A student presses a book between his hands, as the drawing indicates. The forces that he exerts on the front and back covers of the book are perpendicular to the book and are horizontal. The book weighs 30.0 N. The coefficient of static friction between his hands and the book is 0.435. To keep the book from falling, what is the magnitude of the minimum pressing force that each hand must exert?
Each hand applies a maximum friction force
(0.435 F),
where F is the pressing force
Twice that force must equal or exceed the weight, M g
0.87 F > M g
Fmin = M*g/0.87 newtons
To find the magnitude of the minimum pressing force that each hand must exert to keep the book from falling, we need to consider the forces acting on the book.
Given information:
Weight of the book (force due to gravity) = 30.0 N
Coefficient of static friction between hands and book = 0.435
The forces acting on the book are:
1. Weight of the book, which acts downward.
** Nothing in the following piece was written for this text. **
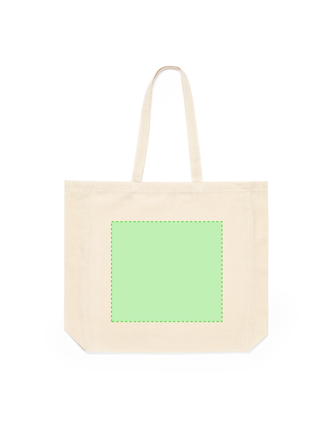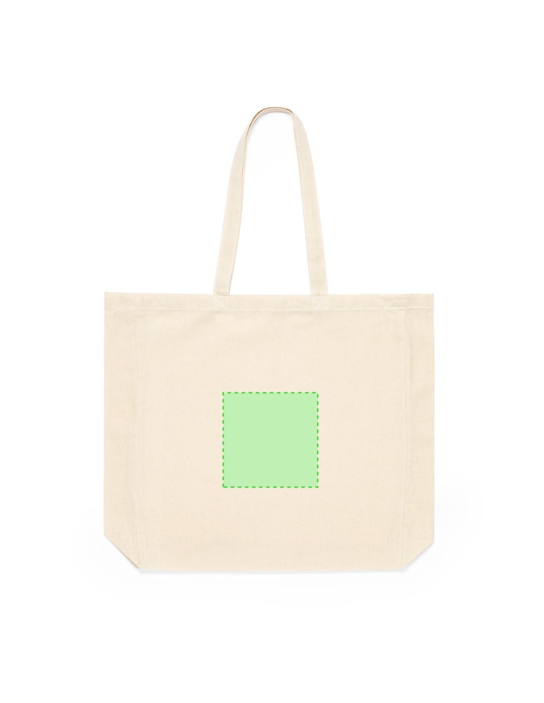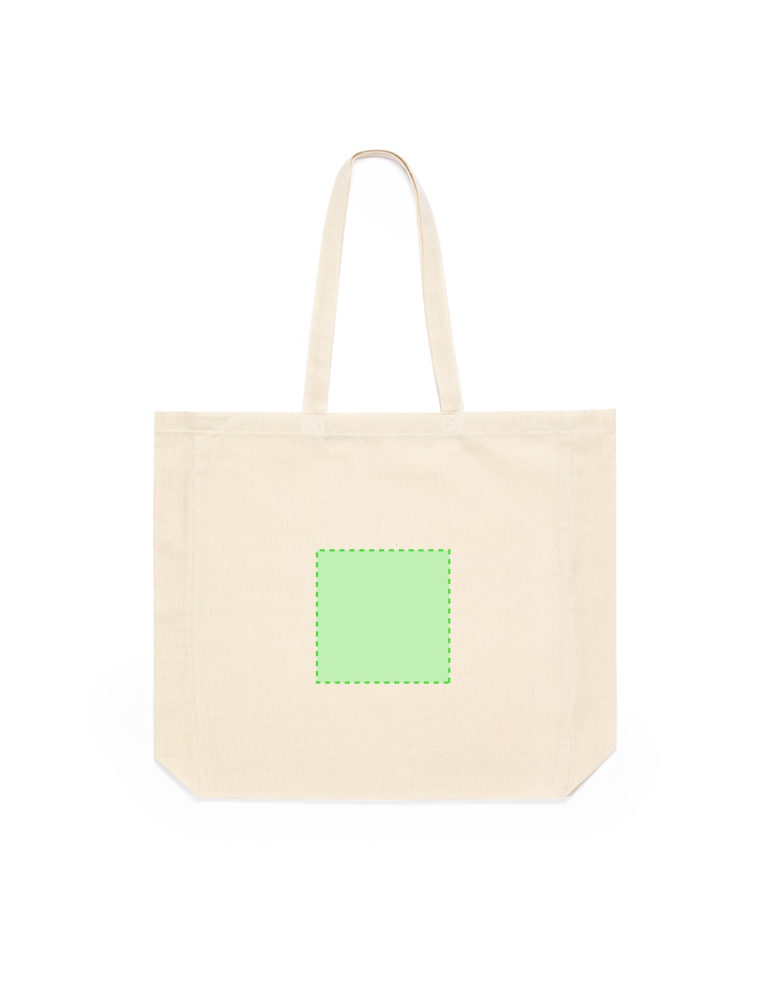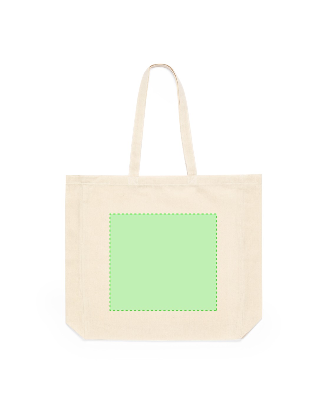 Bolsa fabricada en algodón 100%, de acabado natural y en 220g/m2. De acabado cosido, con fuelle en base y asas medianas reforzadas (60 x 2,5 cm). Resistencia hasta 10 kg de peso.

2. Normal force exerted by the hands on the book, which acts upward and perpendicular to the book.
3. Frictional force between the hands and the book, which acts horizontally.
To keep the book from falling, the normal force exerted by the hands on the book must balance the weight of the book. This means the magnitude of the normal force should be equal to the weight of the book (30.0 N).
Now, let's calculate the frictional force between the hands and the book using the equation:
Frictional force = Coefficient of static friction * Normal force
Frictional force = 0.435 * 30.0 N
Frictional force = 13.05 N
Since the frictional force acts in the opposite direction of the pressing force, the magnitude of the minimum pressing force that each hand must exert to counteract the friction and keep the book from falling will be:
Pressing force = Frictional force
Pressing force = 13.05 N
Therefore, the magnitude of the minimum pressing force that each hand must exert is 13.05 N.